The purpose of the WSF is to develop this “horizontal social articulation”, as the networking of the global justice and anti-war movements is clumsily described. This, Whitaker argued, required a “space to serve a common objective” of creating alternatives to neo-liberalism and war. That space would “function as a public square without leaders or pyramids of power. It is intended as -a factory of ideas- or an incubator from which new initiatives aiming at the construction of another world can emerge”.
In this way the social forums, whether internationally or locally, are experimenting (not always successfully, it must be said) with new ways of integrating the particular – ie, demands and campaigns on “single” issues – with the universal – the wider effort to bring about a radical transformation of the whole of society. Historically, this was exclusively the function of the political party.

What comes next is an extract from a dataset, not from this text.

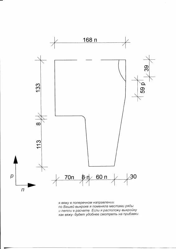 В этой выкройке предполагается короткий рукав + не поперечное вязание. Для поперечного вязания, конечно, удобнее перевернуть.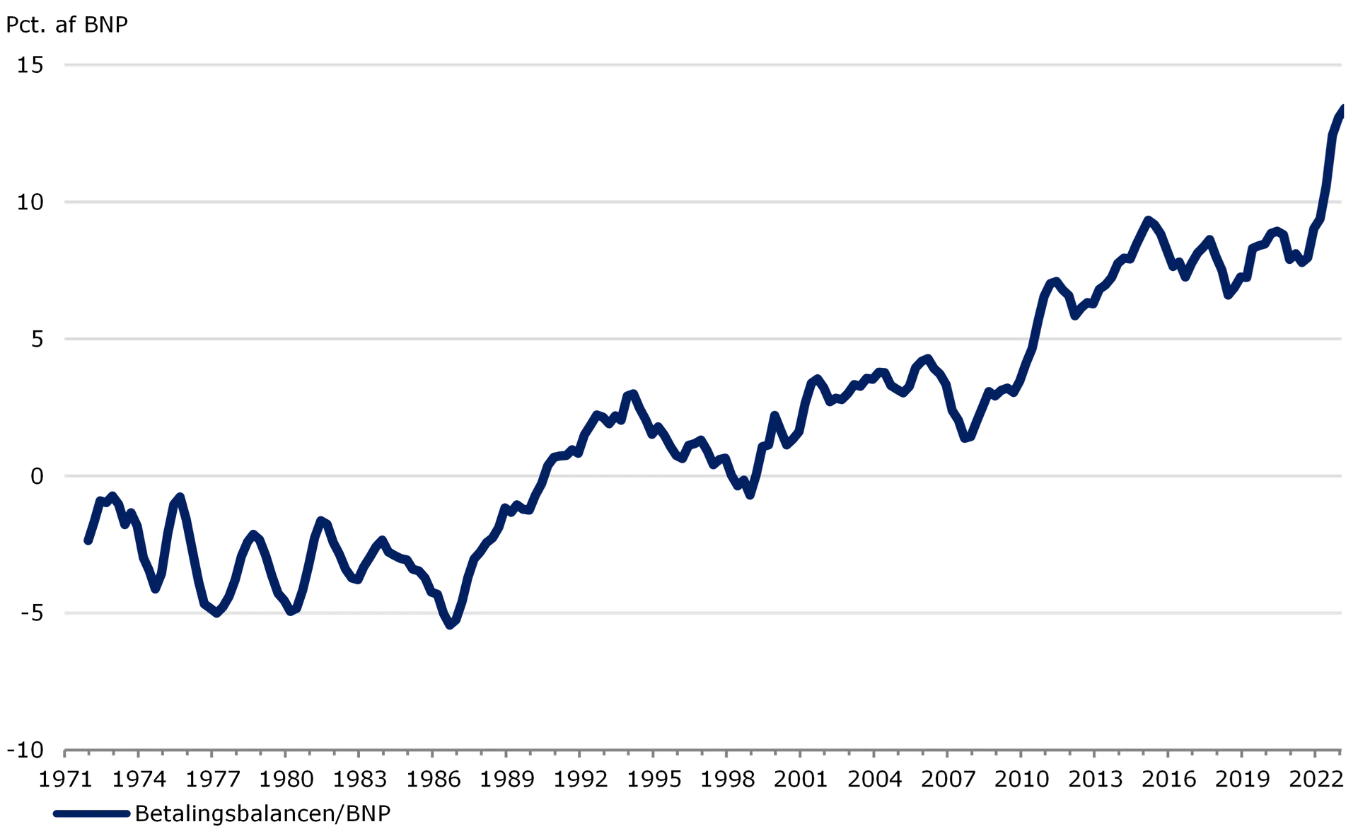 | Note: Betalingsbalancen/BNP er vist som et 4 kvartalers glidende gennemsnit. Kilde: Danmarks Statistik. |

So, this is what the social forum movement aspires to: it seeks to provide a purposeful space in which activists can create new alliances and extend their networks of resistance, and help them turn their organisations into the sources of alternative policies, stronger strategies and more convincing visions. And this is our task in hosting the next European Social Forum in London: we must develop the forum so that it is not only a celebration of diversity and international solidarity, but also an innovative collective intellect nourished by people’s daily resistance to the pressures of the global market. First, as the Indians managed to do in Mumbai, we have to break from the old closed ways that so irritated Gautam Mody. But, again like the Indians, the Italians, the Brazilians and the French, we also have to find a way of developing new ways of organising that build on what’s left of the foundations of democratic organisation and collective strength that the trade unions historically laid.